“Grip is my ultimate…If I was forced, gun-to-the head, to make one book boyfriend real to be mine, it would be him. No questions asked.”
— Adriana Locke, USA Today Bestselling Author
STILL, the sexy, emotional final installment of the GRIP series,
is available NOW!
I’ll be there.
Through thick and thin.
Ride or die.
You can count on me.
The promises people make. The vows we take.
Assumptions of the heart.
Emotion tells us how we feel, but life…life has a way of plunging us in boiling water, burning away our illusions, testing our faith, trying our convictions.
Love floating is a butterfly, but love tested is an anchor.
For Grip and Bristol,
Love started at the top of the world
On a Ferris wheel under the stars
But when that love is tested, will they fly or fall?
PSA: Remember you need to read FLOW & GRIP before reading this book! Go check out my GRIP review here.
I can’t. I can’t. I can’t with this book.
When I saw the “STILL recovery room” Facebook group I thought “why would I need to join a recovery group after reading this? I’m sure I’ll just be a cute read” and rolled my eyes. MAN, was I wrong. I can’t believe I thought for a second that this wouldn’t be an emotional rollercoaster.
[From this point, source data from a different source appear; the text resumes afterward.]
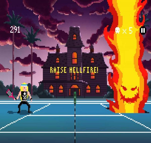 当摇滚重金属与休闲的网球相遇时,会摩擦出怎样的火花呢?主角是一个满头金发,一身金属朋克风造型的男子,手持着一把电吉他一把网球拍,站在网球场上。在球场的另一端站立的不是人类,而是路边常见的垃圾箱等设施,与玩家们练习网球的正是这些奇异的物体。玩家连续得分,还可能激怒出恐怖的“地狱魔王”,那就是用生命在打网球了!不止是画面非常重金属,游戏的背景音乐也让玩家们无时不刻感受到它的热情。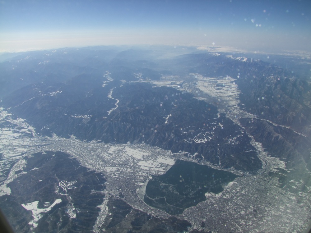 そして早速、離陸中に富士山が見えてきます。羽田を出発後、飛行機は北西に進路を進めている感じなるので、埼玉県と東京都の県境付近に沿って飛んでいる…というようなルートになるのでしょうか。狭山湖、横田基地を手前に見ながら富士山…という、自分にとっては珍しい組み合わせの景色(左上写真参照)を見る事が出来ました。その後は山梨県の北側から、甲府盆地越しの富士山を望め(右上写真参照)、その先は八ヶ岳と富士山(左下写真参照)、諏訪湖(右下写真参照)と続きます。飛行機のルートから南側の景色を見ているような感じになりますが、徐々に雪景色になってくる変化の多い状況も重なり、大忙しの(笑)機窓風景でもありました。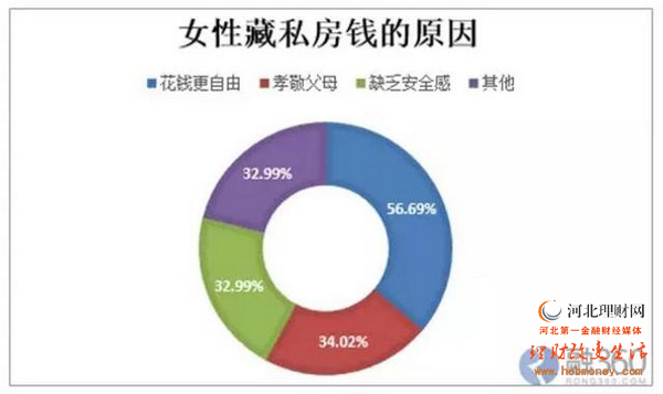 调查显示,超四成(43.14%)已婚人士藏私房钱,33.33%的男性存私房钱,女性存私房钱的比例明显高于男性,为51.74%。相比男性,女性藏私房钱的动机更多元化:除56.69%是为了自己花钱更自由外,还有34.02%是为了偷偷孝敬自己的父母,另有32.99%是因为对于婚姻关系缺乏安全感。

I mean we’re talking about Kennedy freaking Ryan. I should know better already. You don’t have to shake your head at me, I’m already shaking it at myself.
Let’s do a little recap, shall we?
FLOW (the prequel) basically tells the story of how Grip and Bristol met. She flew from New York to Los Angeles to visit her brother. But unlike Bristol, her brother wasn’t very happy to see her again after so many years apart. Fortunately, Grip was there to keep her company and show her around during her week in Los Angeles. And… they felt a connection. They shared a kiss on the ferris wheel and went semi skinny-dipping in cold water and then it was time for Bristol to go back to college in New York.
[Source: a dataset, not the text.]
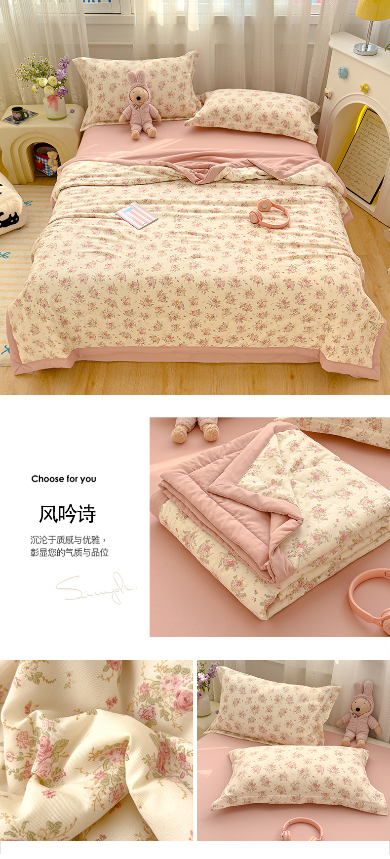 芯恋家居 2025新款针织棉双层纱夏被夏被四件套 秋月诗

GRIP starts eight years after FLOW ends. Bristol now lives in Los Angeles and she’s Grips manager. Grip is now a successful rapper. He climbed the charts like it was nobody’s business. They’ve somehow managed to keep their relationship strictly platonic until one night on Grip’s roof where they shared empanadas and a kiss. But now more than ever, Bristol knows there’s not a chance in hell she’s falling into his arms again. There’s no way she’s going to end up like her mom. No. Way.
STILL is what happens after the boy gets the girl and the girl gets the boy. We are able to see what happens after the “happily ever after” we usually get in romance books. We get a shot of real life and it is beautiful and sad and everything that real life is. Life puts Bristol and Grip’s love to the test and we are able to witness either them drifting apart or their love getting stronger.
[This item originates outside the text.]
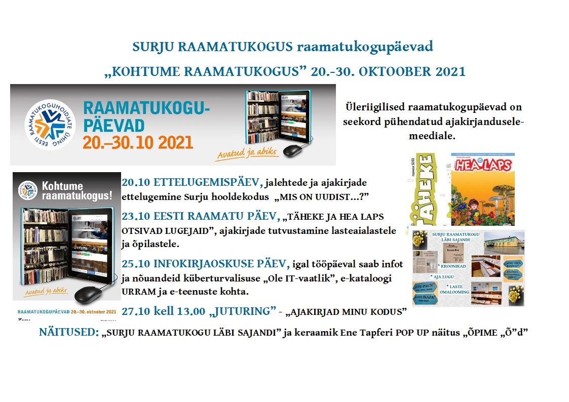 * 20.-30.10 Üleriigilised raamatukogupäevad KOHTUME RAAMATUKOGUS

I love that this series is not like most contemporary romance series/books. We not only get the beautiful, angsty story of how the characters meet and how they get together, we get the story of what happens AFTER they get together. Because of course, it’s not all perfect even after you find the love of your life. Life’s not fair and it throws crap at you whether you’re the best rapper in the world or a normal human being. And the way Bristol and Grip handle all of the crap thrown their way is just… what TRUE LOVE looks like. What true love IS. They are able to go through pain and heartache together and still love each other as much as they did years ago.
I’ve read many amazing books in the past few years but not a single one has every touched subjects as important and (unfortunately) actual and raw as this book/series does. None has taken me on an emotional rollercoaster like this one.
I felt frustrated and angry when people just refused to accept Bristol and Grip being together because of their race. I wanted to punch someone in the face when the police pulled over Grip even though he did absolutely nothing wrong. I swooned like I’ve probable never swooned before when Grip said the sweetest things to Bristol. I bawled my eyes out when heartache reached their relationship and it felt like everything was crumbling down.
I am in awe of Kennedy Ryan’s beautiful writing. This book/series has it all. The romance, the angst, the laughter, the steamy moments, the sweet moments, the incredibly heartbreaking moments. All wrapped up in a pretty bow of poetry. She uses poetry like a champion. The woman knows what the heck she’s writing about.
And can we just talk for a moment about the epilogue where she used my favorite poem ever and put back together the pieces of my broken heart with gold like they do in Japan? I cried. It is probably the most beautiful epilogue I’ve read in a while and I needed it on my life after everything that happened in this book.
“Hope” is the thing with feathers –That perches in the soul –And sings the tune without the words –And never stops – at all –— “Hope” is the thing with feathers, Emily Dickinson
If you have yet to download the free prequel of this series, FLOW, then what. are. you. still. doing. here. Links are below. You need to go download that book and buy the next two like the devil’s chasing you. It is THAT amazing. And I recommend it to the entire freaking world.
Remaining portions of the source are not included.